Boris Johnson is about to sell out his promises to Scottish fishing communities in the EU negotiations – putting preferential treatment for City banks ahead of access to our waters – and as he does so, he’s refusing to pick up the bill to compensate farmers and fishermen for lost revenue.

9) The £350 million a week for the NHS figure has been decisively exposed as a sham

Boris Johnson and his Vote Leave cronies famously promised that Brexit would amount to an additional £350m a week for the NHS.

However, buried deep in the pages of Rishi Sunak’s budget is a figure that suggests the amount is actually around £161m a week – and that’s before you take into account the overall hit on the economy from Brexit.

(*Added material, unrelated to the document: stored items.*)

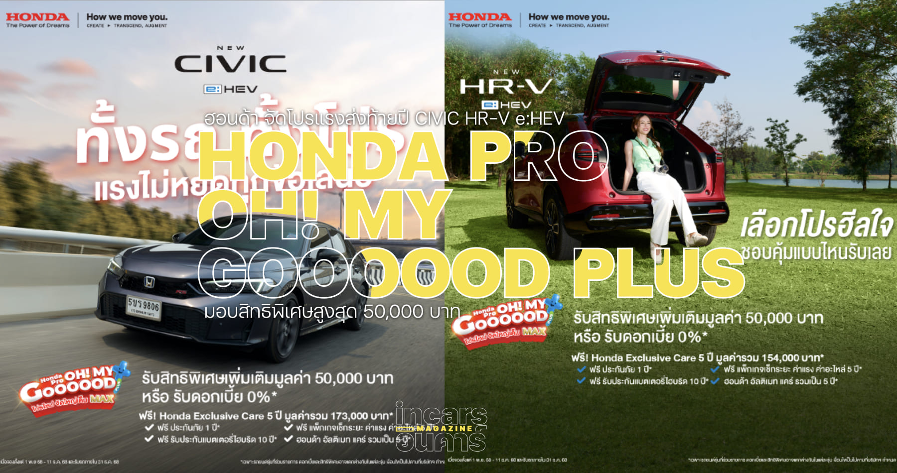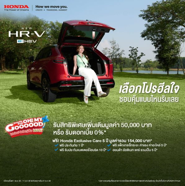 บริษัท ฮอนด้า ออโตโมบิล (ประเทศไทย) จำกัด จัดโปรแรงส่งท้ายปีกับแคมเปญ “Honda Pro OH! MY GOOOOOD PLUS+” เพิ่มเติมทางเลือกใหม่สำหรับรถยนต์สองรุ่นฮิตในไลน์อัป Honda e:HEV – The EXCITING Hybrid ทั้ง Honda Civic e:HEV และ New Honda HR-V e:HEV มอบความคุ้มค่าที่ “ตรงใจ เลือกได้เอง” ให้คุณเลือกได้ดั่งใจรับสิทธิพิเศษเพิ่มเติมมูลค่า 50,000 บาท หรือ เลือกรับดอกเบี้ยพิเศษ 0% พร้อมรับ Honda Exclusive Care 5 ปี มูลค่าสูงสุด 173,000 บาท** ให้การเป็นเจ้าของรถยนต์ทั้งสองรุ่นเป็นเรื่องง่ายกว่าที่เคย สำหรับลูกค้าที่จองรถยนต์ตั้งแต่วันที่ 1 พฤศจิกายน 2568 – 11 ธันวาคม 2568 และรับรถภายในวันที่ 31 ธันวาคม 2568 อย่าพลาด! โปรแรงแห่งปีที่ทำให้ความฝันของคุณเป็นจริง
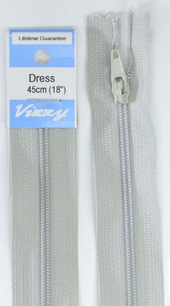 Vizzy Dress Zip, 45cm Colour 60 SILVER GREY, A Quality Brand Name Dress Zipper
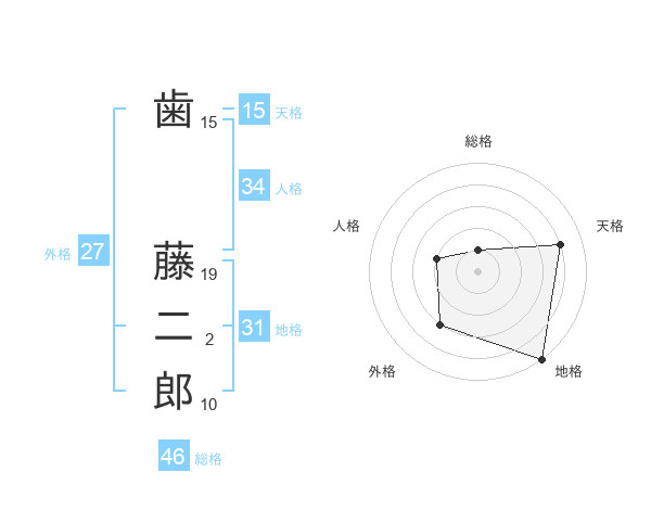 歯 藤二郎さんの天格は15画の4点!
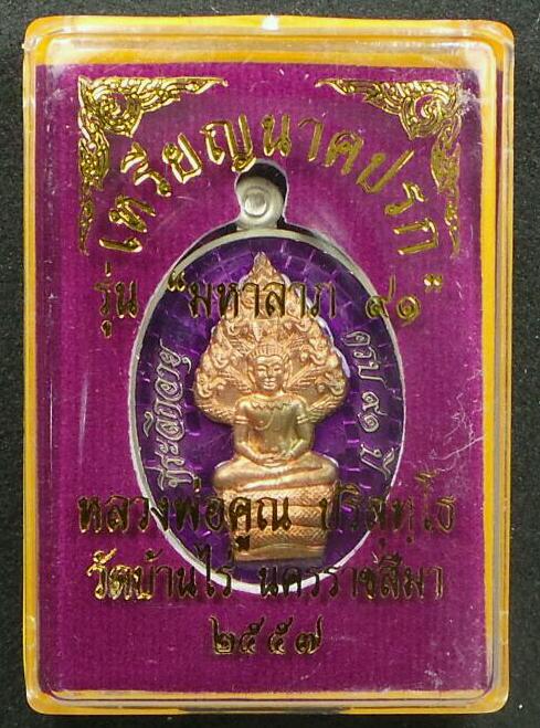 .........สภาพสวย..........เหรียญนาคปรก หลวงพ่อคูณ รุ่นมหาลาภ91 เนื้ออัลปาก้าลงยาสีม่วงหน้ากากนวโลหะ กรรมการ สภาพสวย หมายเลขสวยสวย 768 สวย+พร้อมกล่องเดิม |
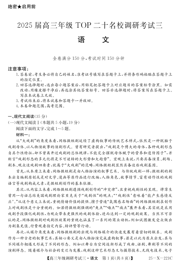 河南省TOP二十名校2025届高三上学期调研考试(三)语文
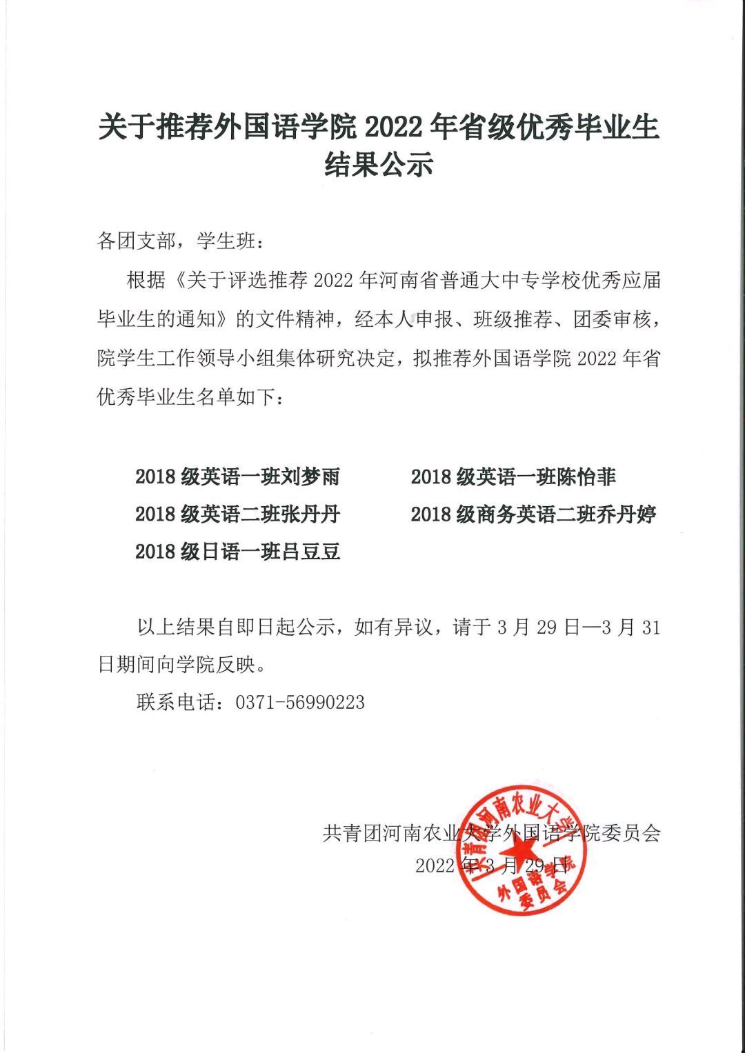 关于推荐外国语学院2022年省级优秀毕业生结果公示

In fact, the UK government’s own Office for Budget Responsibility (OBR) has revealed that Brexit has cost the British economy £40 billion so far – making each person £1,200 worse off on average. The lies of the Brexiteers are set to unravel further as the difficult EU trade negotiations are only just about to begin.

10) Meanwhile, the economic and social threat of Brexit is on the horizon

The Tories’ highest ambition is to secure a basic trade deal which, compared to EU membership, and could remove £9bn from the Scottish economy and create new red tape for export-focused businesses.

And worse still, with increasing threats to walk away from the negotiations with a no-deal, the Scottish economy could be hit to the tune of £12.7bn – equivalent to £2,300 per person, disproportionately hurting the most vulnerable in our society.

While the Tories are heading down the hard Brexit path of isolationism and de-regulation, Scotland must have the choice of a better future as an equal, independent European country – instead of the broken Brexit Britain being imposed on us.